It's a decision now reportedly in the hands of Israel's Attorney General, Meni (Menachem) Mazuz.

Before he decides, Mazuz will first visit Vanunu in prison to explain how the government will define " freedom" for Vanunu following his release, and to listen to Vanunu's intentions.

Formal discussion began in February, with meetings among Knesset leaders, the Prime Minister's office, and representatives of the defense ministry and various security services. The Attorney General's office took part to review the legal basis for any proposed restrictions. On February 24, Shin Bet security officers interviewed Vanunu at Ashkelon Prison, in advance of a policy meeting called by Prime Minister Ariel Sharon. Reportedly, Defense Ministry security chief Yehiel Horev's desire to impose an immediate two month administrative detention on Vanunu was quickly rejected by other parties.

That evening, following the meeting, Sharon publicly declared that Vanunu would not be imprisoned past April 21, but that "appropriate measures" including "certain supervisory means" would be enforced "in order to prevent additional security violations."

Speaking through his brother Meir, who visited him the next day, Vanunu blasted the presumption that he might have more state secrets to reveal. " What they say, that I have additional secrets, it's a lie, an excuse and a cover-up, and they know that very well. All that I know was published. I have no interest in fighting the state.
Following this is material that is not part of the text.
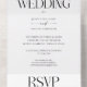 Invitation à tous à l'événement de l'année : Votre Mariage! Ce design présente d'élégantes fontes blanches modernes. Enlevez la carte postale RSVP incluse. Ajoutez un étiquette de adresse au dos de la carte ou écrivez vos adresses d'invités à la main.
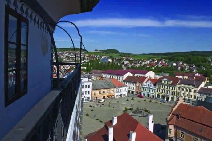 Pohled na město Pelhřimov z ptačí perspektivy. Jeden z nejkrásnějších výhledů na město Pelhřimov i okolní krajinu je z ochozu vyhlídkové věže kostela svatého Bartoloměje. Do výšky třiceti metrů vystoupáte po 148 schodech kolem pelhřimovských zvonů a před vstoupením na ochoz můžete zklidnit dech v komůrce hlásného s historickými fotografiemi města Pelhřimova. Výstup na věž můžete zdolat i s plyšovými kozami - rekordmankami Rózou a Rézou, které byly návštěvníky věže vyneseny již do výšky nad 128 000 m n.m. Proč s kozami na věž? Před mnoha lety opravdu hlásný na věži kozy choval, a protože kozám se po schodech moc nechtělo, musel je vždy hlásný vzít a z pastvy domů na věž vynést.

I want to live a normal life, a simple life, as a free man outside of Israel."

To that end, Vanunu had submitted a passport application to prison authorities some time earlier in February. But the authorities passed it on to Horev's department, rather than to the Interior Ministry, the only agency authorized to issue passports.

One of the measures under consideration is to deny Vanunu a passport and not allow him to leave the country. Early in March, the Knesset's Constitution, Law and Justice Committee held a public hearing on the proposed restrictions. Testimony from Attorney General Mazuz, and rare public testimony from Horev was countered by Mordechai's brother Meir and attorney Dan Yakir of the Association for Civil Rights in Israel, who has spoken out on Vanunu's behalf as well.

The defensive tone of Horev's testimony reflected a history of " security blunders and their cover-ups" according to a richly detailed article by Yossi Melman in Haaretz on March 18.

Melman writes: " A good many experts, both in the Shin Bet and the IAEC (Israeli Atomic Energy Commission), take issue with Horev's unrelentingly rigorous approach. According to these experts, who are afraid to be identified by name, Horev, by imposing restrictions on Vanunu, will achieve the exact opposite of his intention, as international attention will then be focused on Vanunu and on Israel's nuclear secrets...."

Yet regardless of what the security establishment wants or the government imposes, Vanunu has written that he will not "concede or fold, regret or apologise, be deaf or shut up."